I think the TOS URI mechanism should be preserved, and the specification
should be changed to state that if no new act of assent is required,
the URI stored in a registration should be updated to match it
automatically.

> I think this may be where we are not understanding each other. This is
> not the main problem I am trying to fix. I'm trying to fix:
> 
>  1. Registration is a two-step process, when it only needs to be one.
>  2. Accounts can be created without agreeing to terms, which creates an
> unnecessary indeterminate state.
Agreed; fixing this seems desirable.

>  3. The protocol hints at the idea that the client could post new terms
> of service URLs to the registration object, without specifying anything
> about when it is permissible, when it is required, or what actions the
> server should take on update.
>  4. Similarly, the protocol doesn't make clear whether the server should
> automatically update the terms of service URL stored in the registration
> object.
My reading of the -02 spec is that a client must resubmit assent with
the new URI if it ceases to match the advertised URI.

> 
> Some of the problems we saw:
>  - Clients that expected the terms of service URL in existing
> registration objects to match the current directory, and failing if not.
>  - Clients attempting to POST the new terms of service URL to update
> their registration object, even though that was unnecessary and
> unsupported by Boulder at the time. We added support to un-break these
> clients.
I certainly think not accepting agreement update would have been out of
compliance, even if it was actually unnecessary:

  If the server wishes to present the client with terms under which the
  ACME service is to be used, it MUST indicate the URI where such terms
  can be accessed in a Link header with link relation "terms-of- service".
  As noted above, the client may indicate its agreement with these terms
  by updating its registration to include the "agreement" field, with the
  terms URI as its value.  When these terms change in a way that requires
  an agreement update, the server MUST use a different URI in the Link
  header.

> Very specifically, I am trying to make life easier for clients that
> hardcode the agreement URL.
How can hardcoding the URL ever be legitimate?
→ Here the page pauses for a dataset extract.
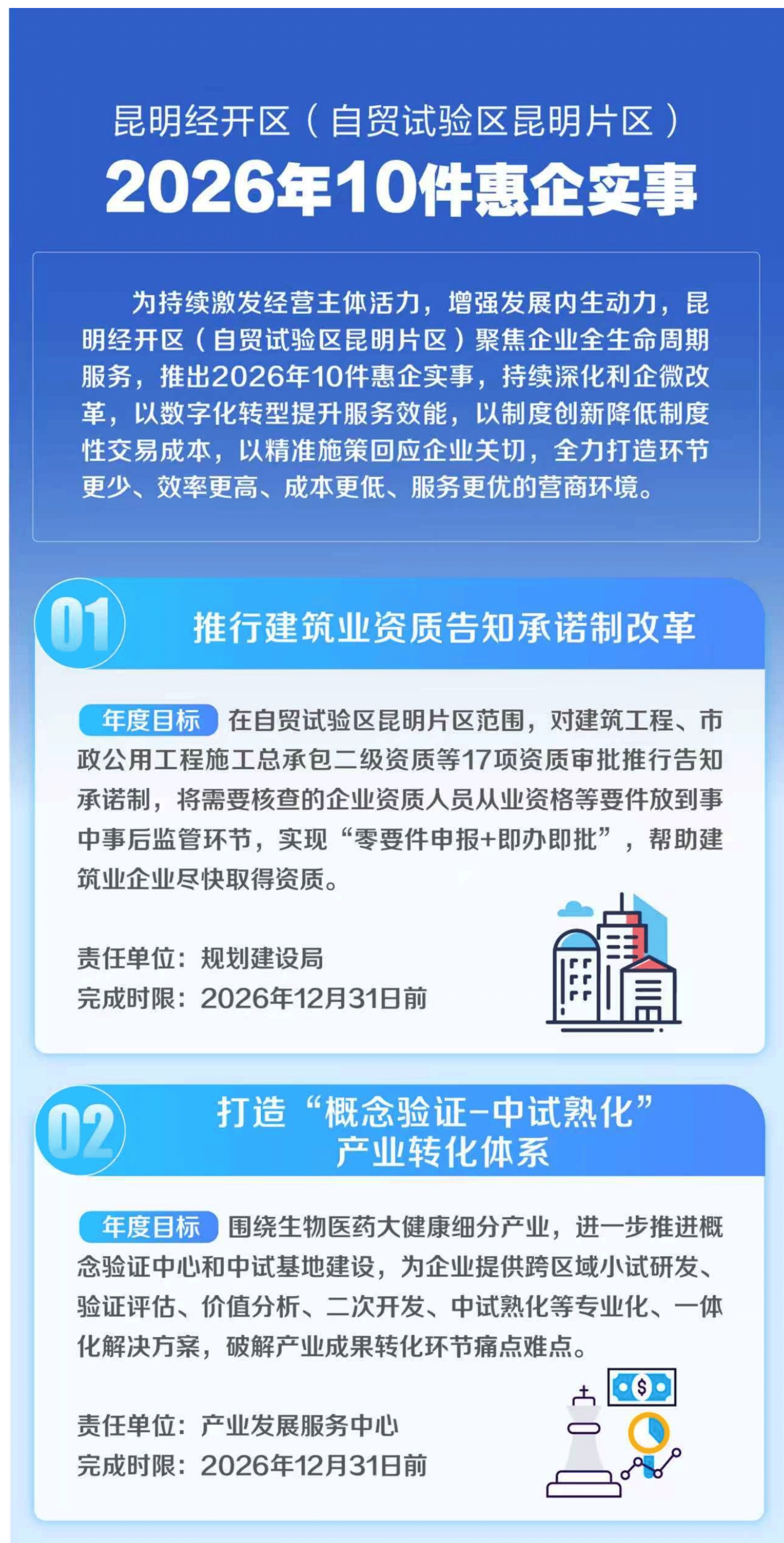 一图读懂《昆明经开区(自贸试验区昆明片区)2026年惠企10件实事》

You've also mentioned that agreement URI updates can never be automated,
so having an in-band mechanism for agreement *update* (as opposed to
initial assent at registration time) is pointless, but this isn't true.
If a client user is informed of a new URI before it is deployed via an
out-of-band channel, they may be able to configure their clients ahead
of time to recognise and assent to it whenever they do see it. This
could be automated if a large number of client instances are used; the
only non-automatable work is a per-URI human-triggered approval.